周奕淡淡一笑道:“我們見過,你應該不會這么快就忘了吧?”
鄭建新猶豫了下,點了點頭。
“鄭建新,你不用那么緊張,我們不是想害你。我也不瞞你,反正你們應該也都知道了,你們同班同學徐柳被人殺害了,我們現在要找出兇手。君子坦蕩蕩,只要你和這件事沒關系,就不用害怕。”
周奕說話的時候,陳嚴自然地拿過紙筆,開始記錄。
周奕前面一直在觀察,觀察這個鄭建新到底是個什么樣的人,有沒有在故意裝弱小。
結果發現,對方根本沒有裝弱小,而是真的很弱小。
從身體到性格上,處處都體現出了弱小。
他的身高和體格,不用蔣彪來,周奕一拳都能撂倒。
性格上,更是處處表現出了不自信、內向、自卑的特征。
十九歲的年輕人,正是血氣方剛的年紀,很難偽裝得那么像,除非這人天生是個影帝。
所以周奕就發話了,而且是單刀直入的不廢話。
“所以你可以坦然點,我們問什么,你就回答什么。反正你說的這些,僅限于這間屋子里我們三個人,你的同學和老師是不會知道的。”
聽到周奕說的最后一句,鄭建新忍不住問道:“你們真的不會告訴老師和同學?”
“我們是有紀律的,如果今天的談話內容我們泄露出去,你可以舉報我們。”周奕指了指自己,又指了指陳嚴說,“我叫周奕,這位是陳嚴陳警官。”
鄭建新點點頭說:“我知道你,那天晚上在電視里看到你了,女同學都說你很帥。”
周奕坦然道:“男人的帥,不在于身高外表,而在心胸寬廣、光明磊落,在于家國天下、胸有大志,‘帶三尺劍立不世之功’這才是男人的浪漫。你說我說的對嗎?”

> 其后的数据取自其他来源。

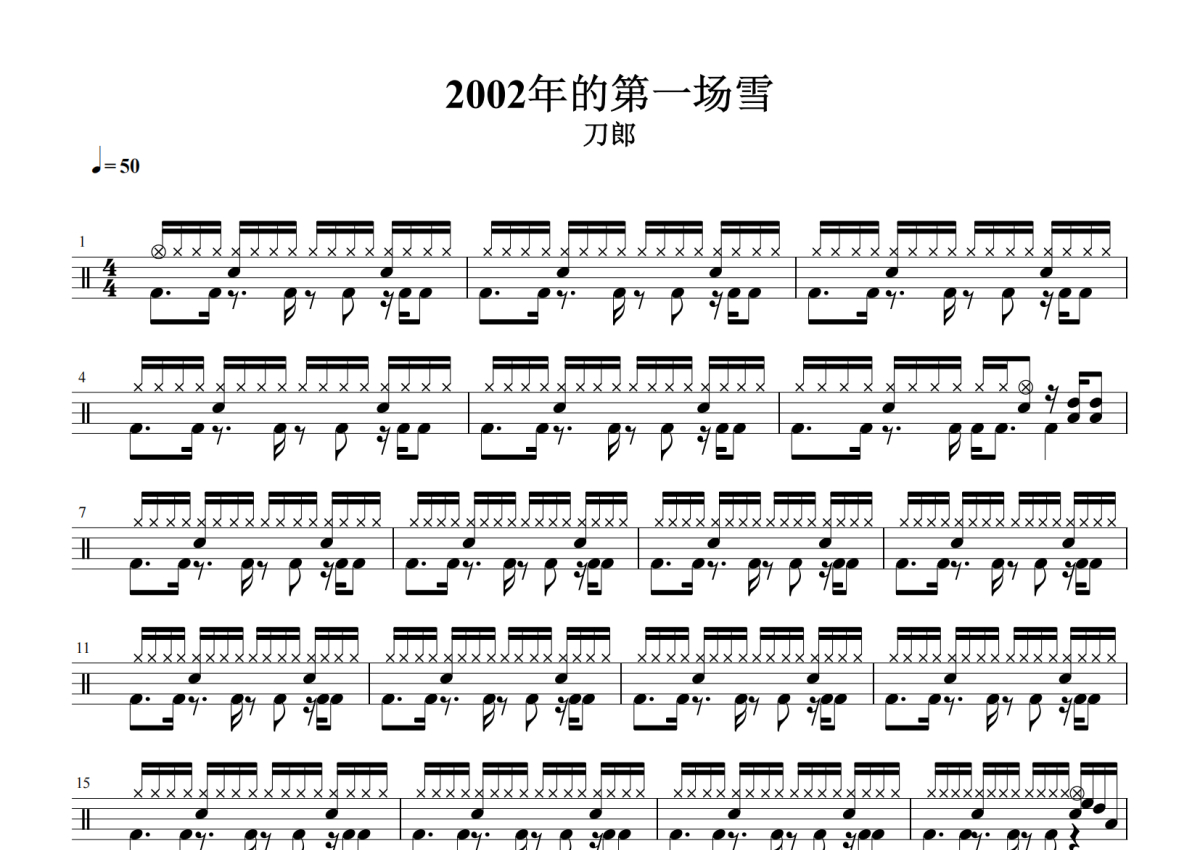 《2002年的第一场雪》是刀郎演唱的一首歌曲,拍号为4/4拍,歌曲速度为每分钟50拍,这份架子鼓谱共有两张高清图谱,图谱由 @放晴的天空 编配上传,图谱使用五线谱编配,使用这份2002年的第一场雪架子鼓谱,你将能够轻松地敲打出这首刀郎的2002年的第一场雪,快来尝试吧。

鄭建新聽得連連點頭,附和道:“最后一句是三國演義里太史慈的臨終遺言,‘大丈夫生于亂世,當帶三尺劍立不世之功;今所志未遂,奈何死乎!’。”
周奕笑了笑:“看得出來,你挺喜歡看書的。”
對于這個鄭建新,周奕完全是抱著死馬當活馬醫的態度,畢竟不論從不在場證明也好,還是從作案條件也罷,他都不像是兇手。
屬于如果問出點什么,就算是意外之喜那種。
所以這種情況下,不能對立,要拉近關系,尤其是他還把自己當成了情敵的情況下,卸下對方的心理防備才是最正確的處理方式。
鄭建新點點頭:“嗯,我挺喜歡看書的。”
“那怎么讀了財務專業,不去讀中文系?”
鄭建新低頭說:“我媽是數學老師,我的第一志愿是省大的數學系,結……結果差了幾分,第二志愿才是宏大的財務管理專業……”
周奕一下子就懂了。
鄭建新有一個非常強勢的母親,而且還是一名老師。
強勢母親加老師職業,那孩子基本上性格就肯定會自卑加內向了,因為從小就會被打壓和嚴格管束,生活在高壓狀態下,和鄭建新的唯唯諾諾很契合。
所以所謂的第一志愿,其實并不是他的第一志愿,而是他媽的。
不是說臟話,就是他媽的志愿。
父母把自己未完成的夢想,強加于子女身上這種事,屢見不鮮。
所謂望子成龍、望女成鳳的根本原因,就是自己沒能飛起來,所以生個孩子希望他飛起來,飛不起來就覺得他一文不值,對不起自己。
這是一種病態的心理,卻也是絕大多數父母的常態心理。
至于宏大的財務管理專業,是屬于文理兼收的。
“鄭建新,你父親是做什么的?”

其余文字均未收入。